> _MATERIAL PROVIDED_:
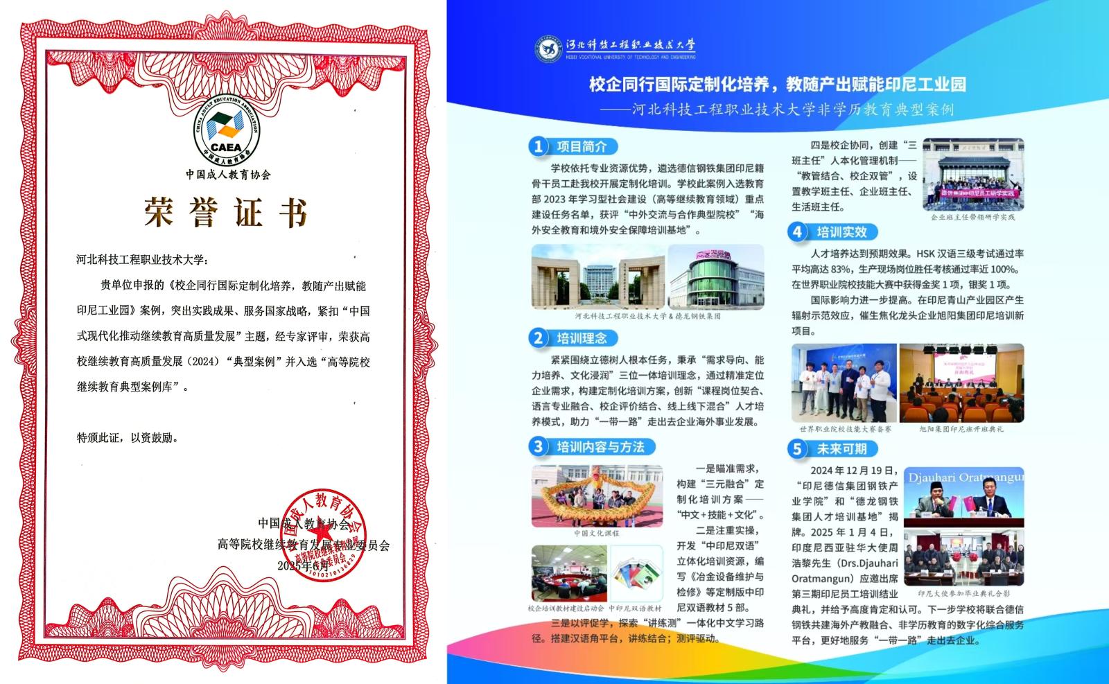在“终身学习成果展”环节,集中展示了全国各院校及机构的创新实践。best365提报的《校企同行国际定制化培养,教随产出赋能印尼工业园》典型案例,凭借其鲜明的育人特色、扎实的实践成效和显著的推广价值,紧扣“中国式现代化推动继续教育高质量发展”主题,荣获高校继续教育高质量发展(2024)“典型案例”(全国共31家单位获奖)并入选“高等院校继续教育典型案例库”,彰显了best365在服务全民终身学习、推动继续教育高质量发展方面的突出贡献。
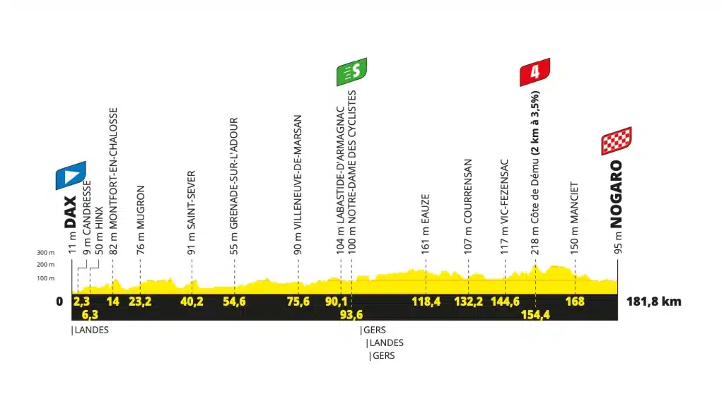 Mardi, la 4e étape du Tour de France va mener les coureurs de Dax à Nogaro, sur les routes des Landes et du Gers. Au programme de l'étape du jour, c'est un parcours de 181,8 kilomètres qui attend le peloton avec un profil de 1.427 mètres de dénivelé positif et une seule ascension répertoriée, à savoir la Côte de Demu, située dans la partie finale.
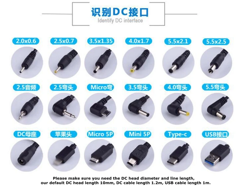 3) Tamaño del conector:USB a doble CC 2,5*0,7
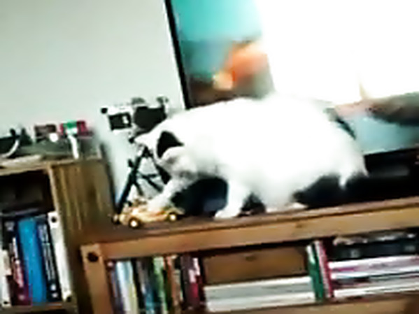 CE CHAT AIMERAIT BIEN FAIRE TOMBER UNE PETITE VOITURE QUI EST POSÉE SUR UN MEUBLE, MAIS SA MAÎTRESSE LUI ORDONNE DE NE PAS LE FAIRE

> _WHAT THIS TASK INVOLVES_: Locate the line containing "3) Tamaño del" in the material above, then repeat it and every later line exactly, with no pictures.

> _OUTPUT_:
 3) Tamaño del conector:USB a doble CC 2,5*0,7
 CE CHAT AIMERAIT BIEN FAIRE TOMBER UNE PETITE VOITURE QUI EST POSÉE SUR UN MEUBLE, MAIS SA MAÎTRESSE LUI ORDONNE DE NE PAS LE FAIRE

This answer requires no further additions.